Task item >> Below are the records; repeat exactly their lines between the line holding "Marquesina De Espejo" and the line holding "近日,中国工业合作协会授予武", inclusive, skipping the pictures.

Source records >>

──────────

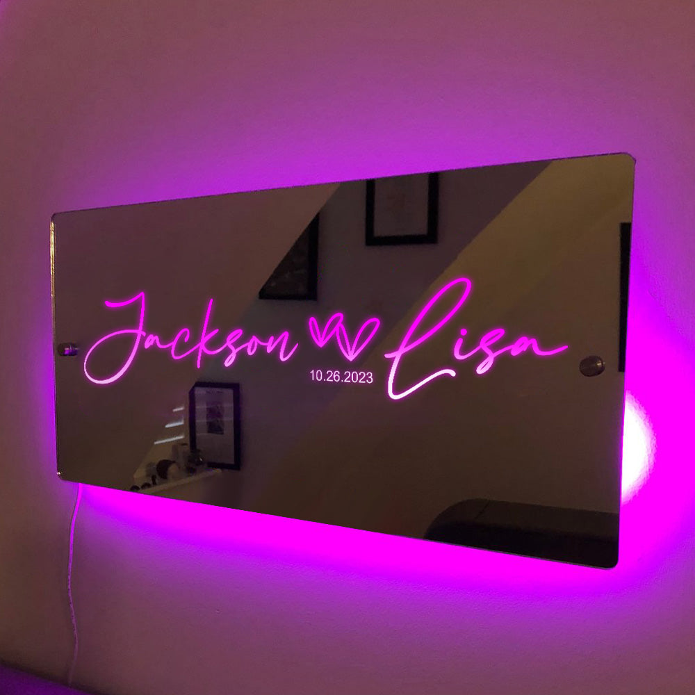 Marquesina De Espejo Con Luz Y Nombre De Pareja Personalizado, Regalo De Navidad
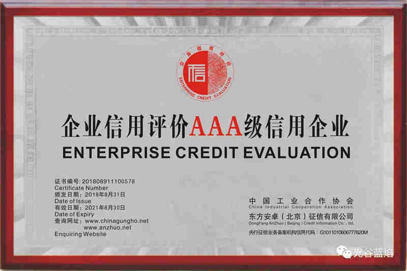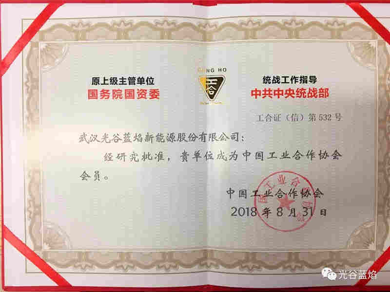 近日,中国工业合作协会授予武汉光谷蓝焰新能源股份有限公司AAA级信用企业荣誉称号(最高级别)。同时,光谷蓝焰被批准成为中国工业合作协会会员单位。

──────────

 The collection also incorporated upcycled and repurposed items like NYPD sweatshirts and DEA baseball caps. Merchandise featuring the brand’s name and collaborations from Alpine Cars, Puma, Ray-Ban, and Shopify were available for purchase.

──────────

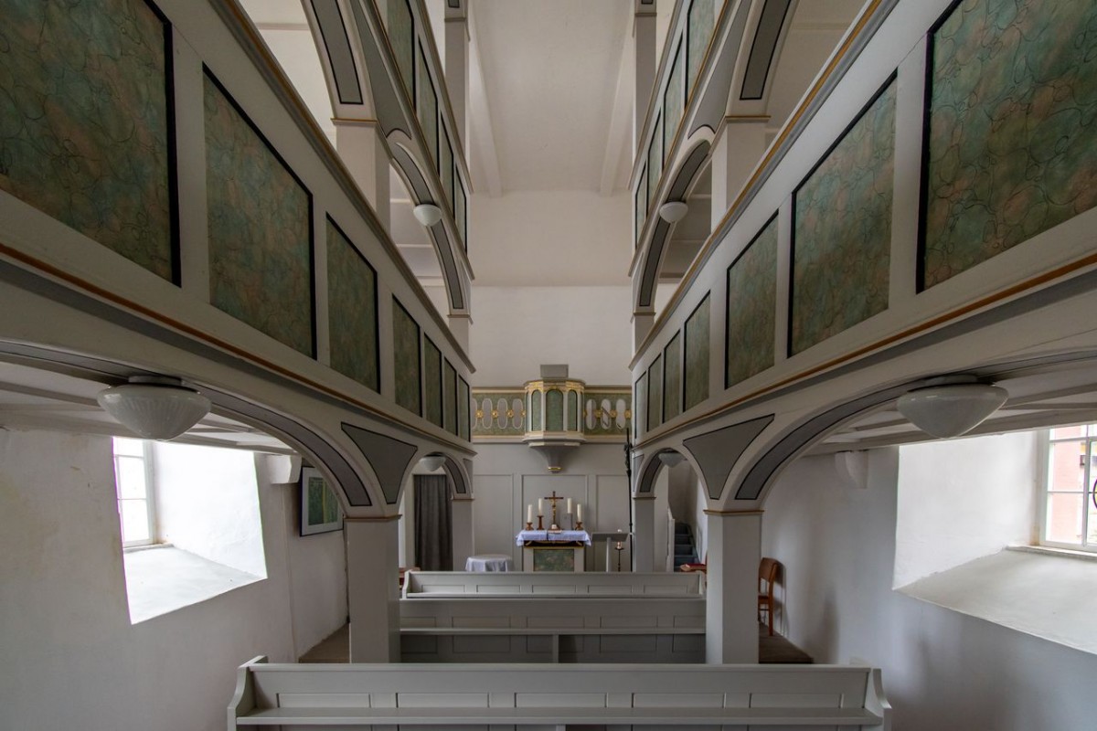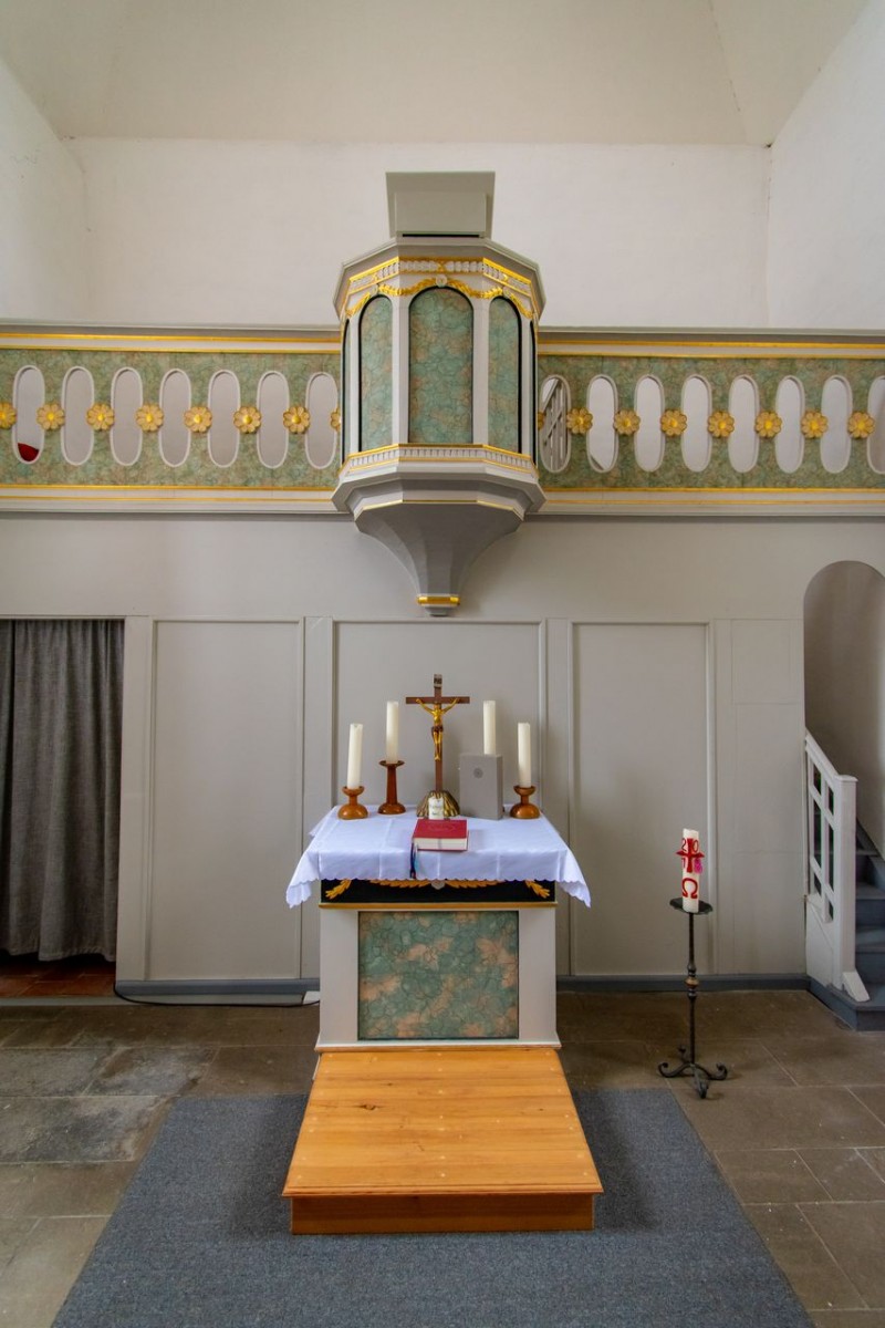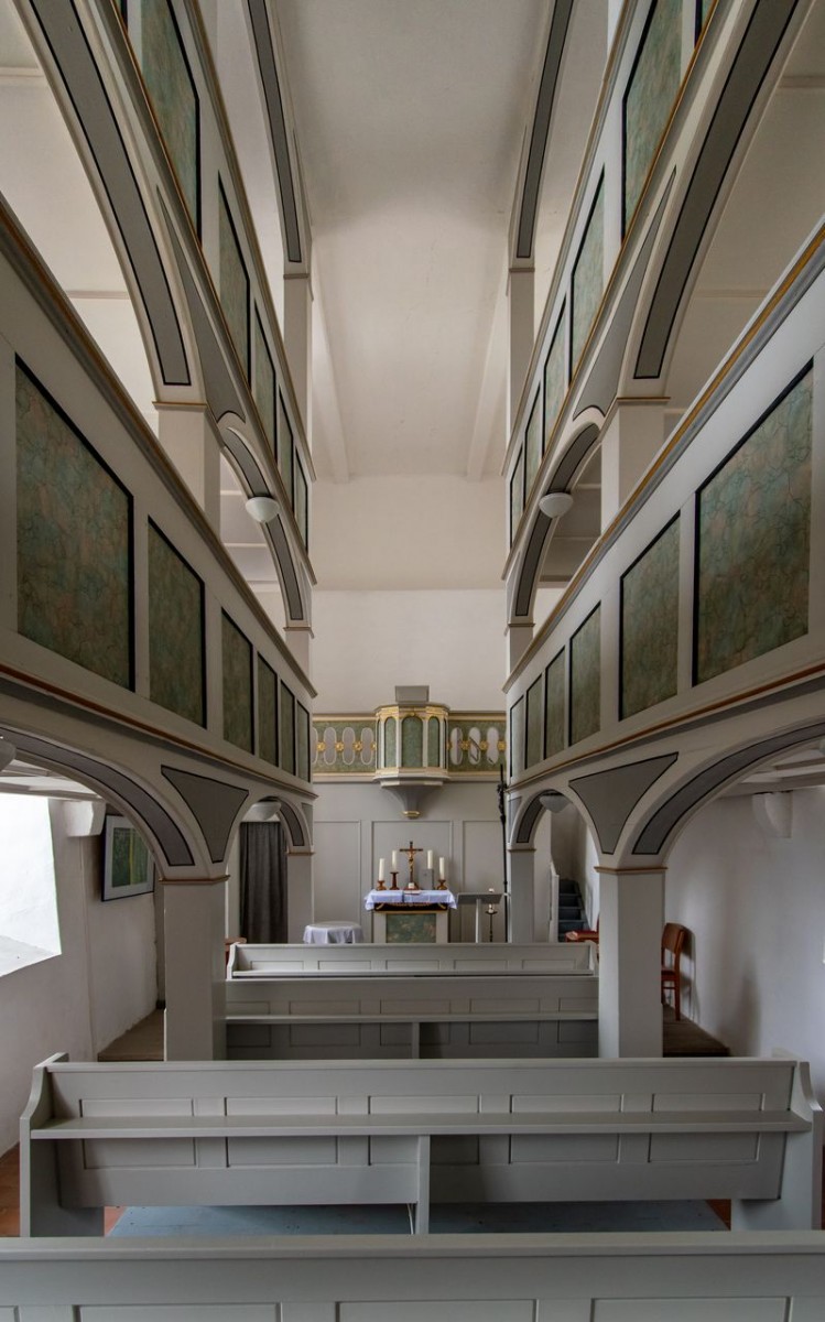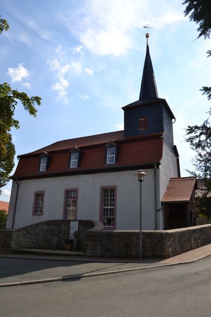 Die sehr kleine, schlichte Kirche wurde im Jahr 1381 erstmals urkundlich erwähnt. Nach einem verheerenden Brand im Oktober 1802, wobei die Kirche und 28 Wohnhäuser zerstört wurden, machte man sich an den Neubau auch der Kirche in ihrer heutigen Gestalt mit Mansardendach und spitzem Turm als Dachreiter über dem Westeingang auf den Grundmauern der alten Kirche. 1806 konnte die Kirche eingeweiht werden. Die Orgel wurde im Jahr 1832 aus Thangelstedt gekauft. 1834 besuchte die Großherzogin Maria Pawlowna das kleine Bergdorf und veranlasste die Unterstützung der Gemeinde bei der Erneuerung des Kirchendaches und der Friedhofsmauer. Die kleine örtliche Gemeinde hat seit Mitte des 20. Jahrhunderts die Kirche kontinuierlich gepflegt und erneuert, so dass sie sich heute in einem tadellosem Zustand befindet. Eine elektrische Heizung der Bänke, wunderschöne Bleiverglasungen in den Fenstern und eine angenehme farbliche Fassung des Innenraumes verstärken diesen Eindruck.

──────────

Completed task >>
 Marquesina De Espejo Con Luz Y Nombre De Pareja Personalizado, Regalo De Navidad
 近日,中国工业合作协会授予武汉光谷蓝焰新能源股份有限公司AAA级信用企业荣誉称号(最高级别)。同时,光谷蓝焰被批准成为中国工业合作协会会员单位。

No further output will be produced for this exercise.